# Applet <> Servlet



## CyberKane (1. Mai 2004)

Folgende Situation:

Ich habe ein Applet geschrieben, welches mit einem Servlet kommuniziert. Bisher habe ich es nur Lokal getestet und es funktionierte wunderbar. Lokal bedeutet, dass ich Apache Tomcat auf meinen privaten Rechner installiert habe und gleichzeitig das Applet auf meinem Rechner ausgeführt habe. Das Applet hat wie gewünscht Anfragen an das Servlet geschickt und das Servlet hat Antworten zurückgeschickt. (Pfad = "http://localhostort/servlet/server")
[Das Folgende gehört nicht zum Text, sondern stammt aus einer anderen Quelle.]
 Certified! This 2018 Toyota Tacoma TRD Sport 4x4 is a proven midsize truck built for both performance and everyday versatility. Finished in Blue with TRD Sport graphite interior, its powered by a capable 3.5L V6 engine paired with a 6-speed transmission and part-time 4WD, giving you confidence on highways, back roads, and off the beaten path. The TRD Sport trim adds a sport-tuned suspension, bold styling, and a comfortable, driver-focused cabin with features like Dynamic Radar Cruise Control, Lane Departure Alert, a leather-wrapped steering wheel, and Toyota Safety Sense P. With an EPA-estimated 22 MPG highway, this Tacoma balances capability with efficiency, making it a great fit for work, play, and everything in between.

Soweit so gut. Nach den Erfolgreichen Tests habe ich mir nun zugriff auf einen Root-Server verschfft und das Servlet dorthin hochgeladen. Es wird auch fehlerfrei dort ausgeführt. Das Applet habe ich entsprechend umgeschrieben, so das es jetzt auf Pfad = "http://ip-adresseort/servlet/server" zugreift. Jeddoch empfängt das Applet nun keine Daten mehr vom Server, obwohl genau der gleiche vorgang über lokalhost funktioniert.  :cry:

Hat jemand irgendwelche Vorschläge, Tipps oder weis was man im dem Fall beachten sollte?


----------



## CyberKane (9. Mai 2004)

Inzwischen habe ich eine Lösung für dieses Problem gefunden:

Wenn das Applet mit auf dem gleichen Server wie das Servlet liegt funktioniert es merkwürdiger weise. Das kann zwar eigentlich nicht der Sinn und Zweck einer Kommunikation zischen Applet und Servlet sein, aber in meinem Fall ist es egal.
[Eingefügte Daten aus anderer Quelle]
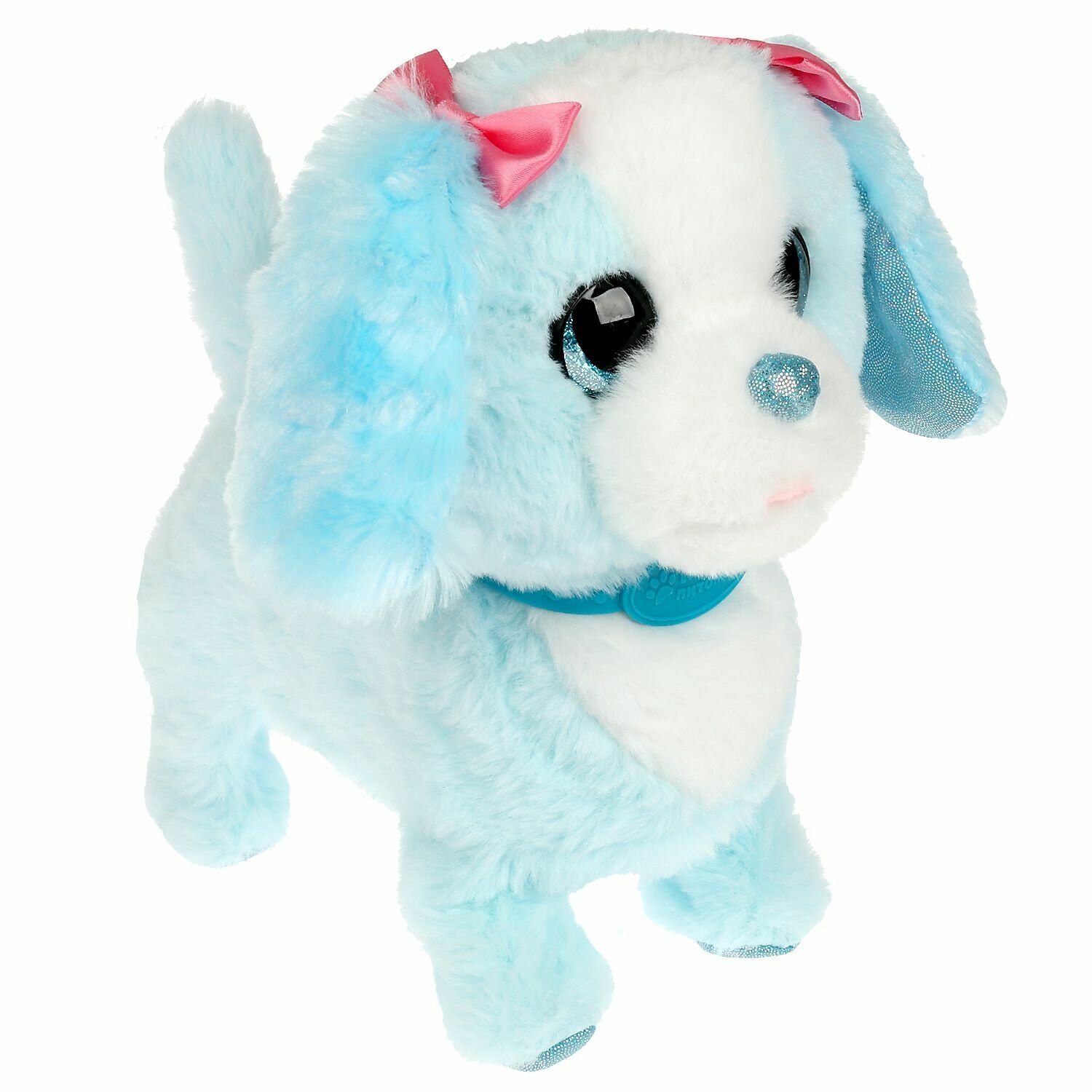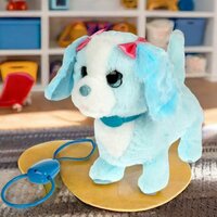 Этот очаровательный щенок совсем как настоящий. У Миффи красивые глазки и умилительная мордочка. Голубая с белым шёрстка щенка очень мягкая и приятная на ощупь. На Миффи надет стильный голубой ошейник и 2 розовых бантика. Милая игрушка подарит малышу массу положительных эмоций и научит заботиться о домашнем любимице.

Trotzdem würde es mich interessieren ob jemand eine Idee hat, wie sowas zustande kommen kann...


----------



## Eriwan (29. Mai 2004)

Das würd mich auch interesieren. ICQ2go funktioniert wohl auch nach dem prinzip. Hast du im Netz eine gute Doku wo beschrieen ist wie man Servlets mit Applets kommunizieren läst?


----------



## L-ectron-X (30. Mai 2004)

Nun ja, ich hoffe ich habe Dich richtig verstanden und wir reden somit von der selben Sache ???:L 
Applets können sich nur mit dem Rechner verbinden, von dem sie herunter geladen wurden.


----------



## AlArenal (2. Jun 2004)

Das sind die üblichen Sicherheitsrestriktionen von Applets. Beschäftige sich mal ein wenig mit Security Managern und schau dir mal Jarkive an. Ist ein freies GUI-Tool, mit dem man u.a. Applets signieren kann. Ohne Zertifikat/Signierung ist nämlich Essig mit Zugriff auf lokale Dateien, Netzwerk, ...


----------